"""

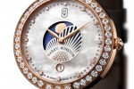 Whereas in the majority of moon-phase mechanisms, the moon disappears completely before beginning a new cycle, here the golden moon takes cover behind a delicate mother-of-pearl lattice, hidden but not completely out of sight.
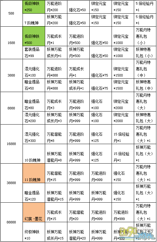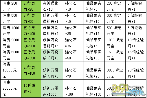 铸神石(凡)*20、木元素*1200、妖神万能成长丹*1、神秘宝石宝箱(大)*1、20倍经验丹*1、绑定元宝*1500
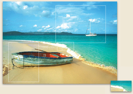 当我们一眼望去这张海滩的图片时,我们是将它看成一个整体的,或多或少会对其中的细节置若罔闻。但如果我们将各部分分离,我们会发觉,其实每一部分都隐藏着一个“故事”,都有着各自的重点。
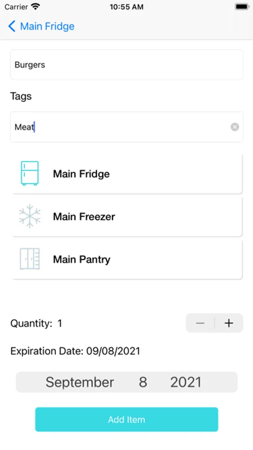 • Add food items with their expiration date to their location in organized lists
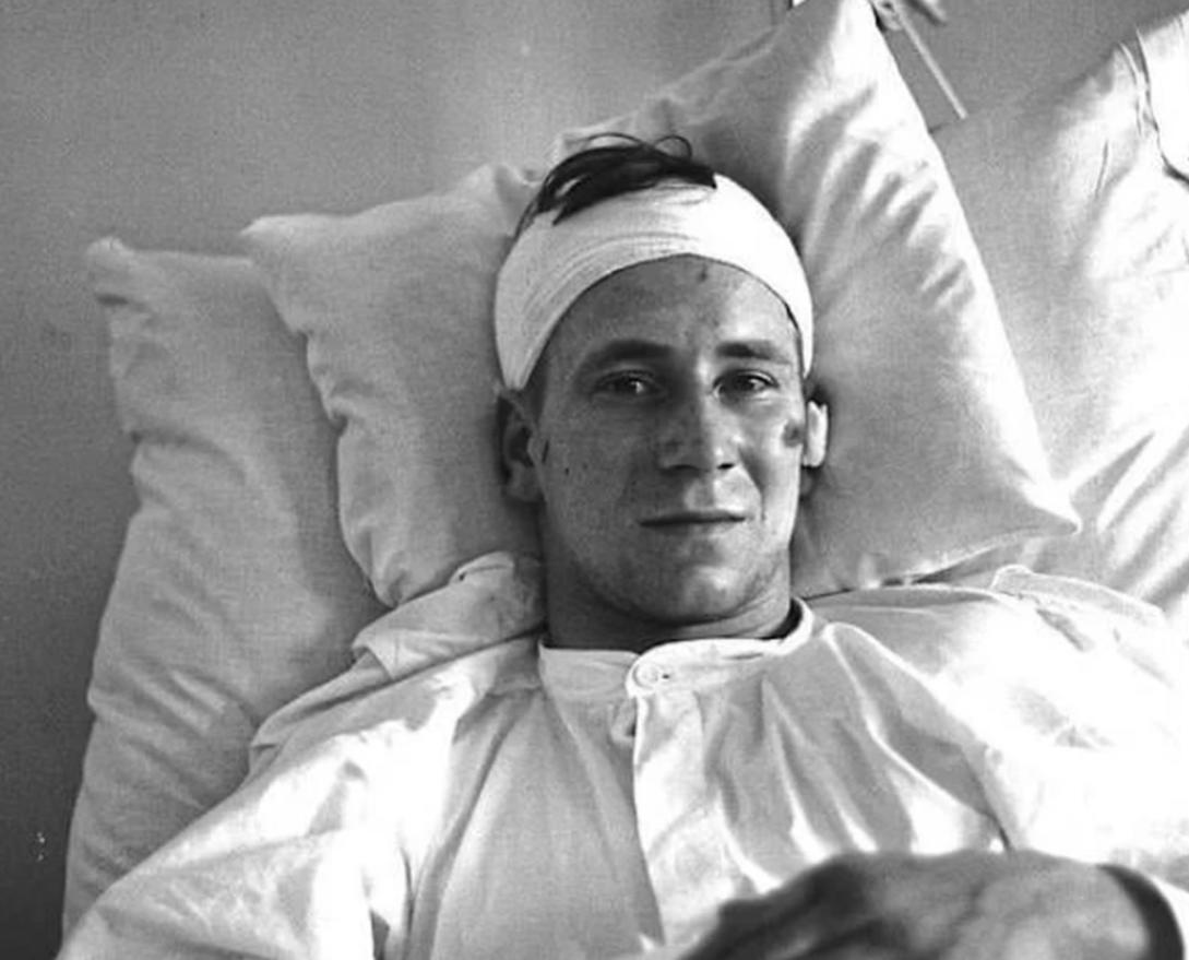 Bobby Charlton nằm trong bệnh viện sau tai nạn máy bay ở Munich năm 1958.

"""

• **WORK INSTRUCTION**
Lines before the one containing "铸神石(凡)*20、木元素*" are not wanted; write out that line and every later line through the end of the data above, exactly, without pictures.

• **ANSWER FOR THE TASK**
 铸神石(凡)*20、木元素*1200、妖神万能成长丹*1、神秘宝石宝箱(大)*1、20倍经验丹*1、绑定元宝*1500
 当我们一眼望去这张海滩的图片时,我们是将它看成一个整体的,或多或少会对其中的细节置若罔闻。但如果我们将各部分分离,我们会发觉,其实每一部分都隐藏着一个“故事”,都有着各自的重点。
 • Add food items with their expiration date to their location in organized lists
 Bobby Charlton nằm trong bệnh viện sau tai nạn máy bay ở Munich năm 1958.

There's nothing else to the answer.